Input material:
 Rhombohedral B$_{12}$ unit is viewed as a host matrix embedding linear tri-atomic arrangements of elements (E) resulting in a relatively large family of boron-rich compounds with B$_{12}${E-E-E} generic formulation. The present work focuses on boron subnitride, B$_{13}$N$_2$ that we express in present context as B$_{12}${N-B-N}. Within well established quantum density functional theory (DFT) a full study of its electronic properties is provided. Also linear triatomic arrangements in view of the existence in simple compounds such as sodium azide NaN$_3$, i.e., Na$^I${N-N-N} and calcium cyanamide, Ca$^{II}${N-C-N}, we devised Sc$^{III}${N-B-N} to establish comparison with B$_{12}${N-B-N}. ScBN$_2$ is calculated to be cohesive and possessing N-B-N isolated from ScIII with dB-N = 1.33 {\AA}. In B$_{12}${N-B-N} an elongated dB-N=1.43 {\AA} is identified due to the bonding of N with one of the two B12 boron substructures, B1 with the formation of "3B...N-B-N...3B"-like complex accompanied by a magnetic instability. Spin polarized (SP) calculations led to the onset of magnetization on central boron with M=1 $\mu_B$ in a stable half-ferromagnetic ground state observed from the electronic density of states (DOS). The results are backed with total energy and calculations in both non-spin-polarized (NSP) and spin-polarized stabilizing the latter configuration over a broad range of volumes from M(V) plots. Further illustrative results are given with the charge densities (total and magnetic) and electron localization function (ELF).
...
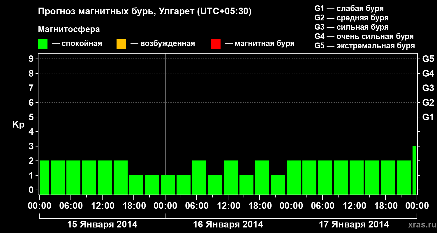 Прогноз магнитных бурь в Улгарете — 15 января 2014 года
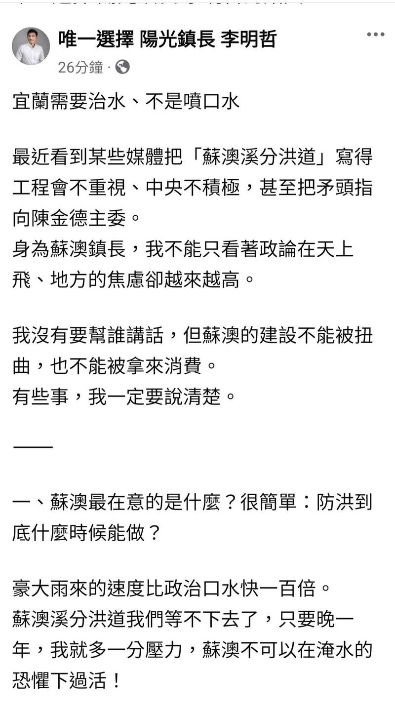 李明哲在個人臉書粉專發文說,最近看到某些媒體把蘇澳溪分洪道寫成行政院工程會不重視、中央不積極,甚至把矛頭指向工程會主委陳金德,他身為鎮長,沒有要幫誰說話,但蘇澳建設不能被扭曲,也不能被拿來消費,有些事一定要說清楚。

Work request:
Print nothing except the lines above from the one containing "Прогноз магнитных бурь" down to the one containing "李明哲在個人臉書粉專發文說,最近看到某些", both included, exactly as written and free of pictures.

Your response:
 Прогноз магнитных бурь в Улгарете — 15 января 2014 года
 李明哲在個人臉書粉專發文說,最近看到某些媒體把蘇澳溪分洪道寫成行政院工程會不重視、中央不積極,甚至把矛頭指向工程會主委陳金德,他身為鎮長,沒有要幫誰說話,但蘇澳建設不能被扭曲,也不能被拿來消費,有些事一定要說清楚。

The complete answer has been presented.